🤖 AI Summary
To address the challenges of modeling instance spatial relationships, high computational complexity in long-sequence dependency modeling, and inconsistent sequence lengths between training and inference in whole-slide image (WSI) classification, this paper proposes an efficient and scalable multiple-instance learning (MIL) framework. Our method explicitly encodes the intrinsic spatial layout of instances via learnable coordinate-based positional embeddings. Furthermore, we introduce an MLP-based Spatial Attention Correlation (SAC) module that captures global instance dependencies in linear time complexity—eliminating the need for custom CUDA kernels while ensuring both high performance and deployment efficiency. Evaluated on CAMELYON16, TCGA-LUNG, and TCGA-BRCA benchmarks, our approach achieves state-of-the-art classification accuracy, significantly outperforming existing MIL methods.
📝 Abstract
We propose Spatial-Aware Correlated Multiple Instance Learning (SAC-MIL) for performing WSI classification.
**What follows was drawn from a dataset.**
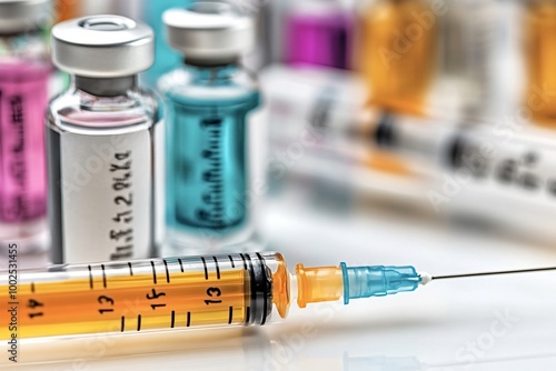 Syringe is laying on a table next to several vials filled with brightly colored medicine, ready to be used for vaccination
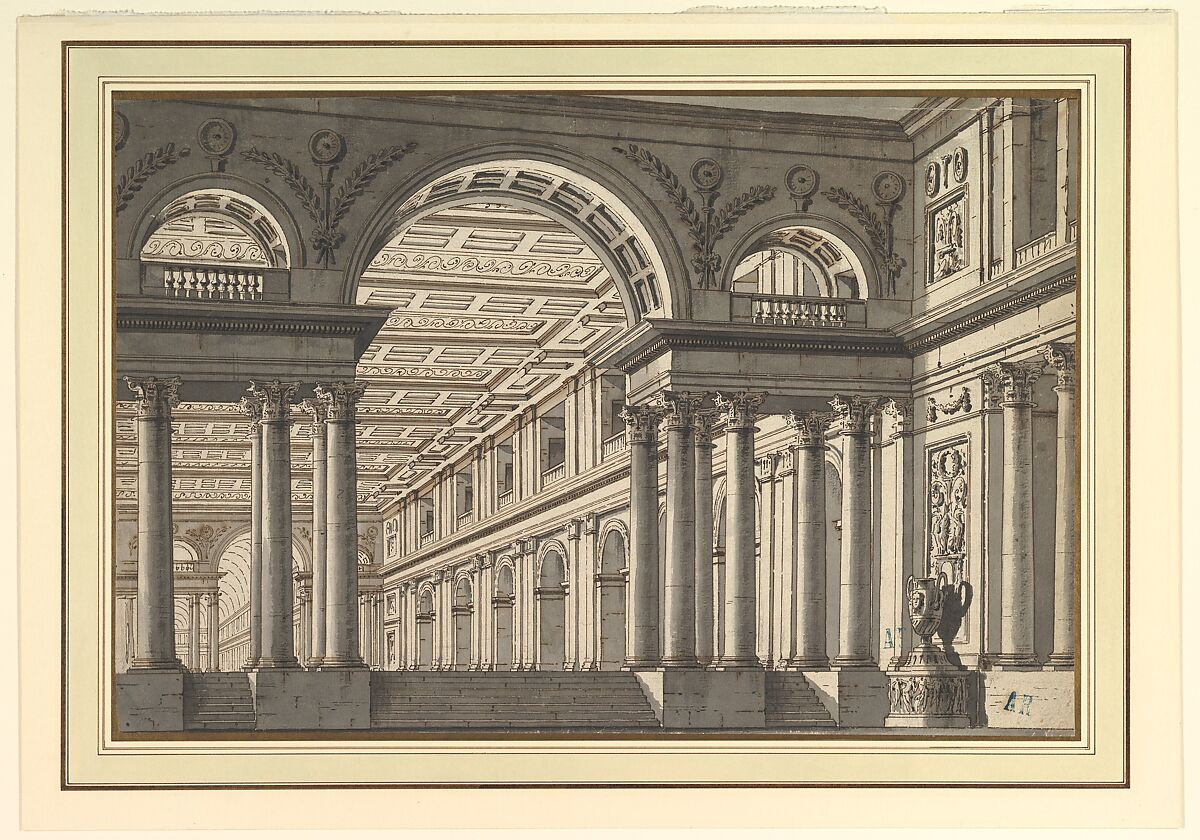 - Title: Design for a Stage Set: Classical Arcaded Gallery with Triumphal Arch Motif

SAC-MIL consists of a positional encoding module to encode position information and a SAC block to perform full instance correlations. The positional encoding module utilizes the instance coordinates within the slide to encode the spatial relationships instead of the instance index in the input WSI sequence. The positional encoding module can also handle the length extrapolation issue where the training and testing sequences have different lengths. The SAC block is an MLP-based method that performs full instance correlation in linear time complexity with respect to the sequence length. Due to the simple structure of MLP, it is easy to deploy since it does not require custom CUDA kernels, compared to Transformer-based methods for WSI classification. SAC-MIL has achieved state-of-the-art performance on the CAMELYON-16, TCGA-LUNG, and TCGA-BRAC datasets. The code will be released upon acceptance.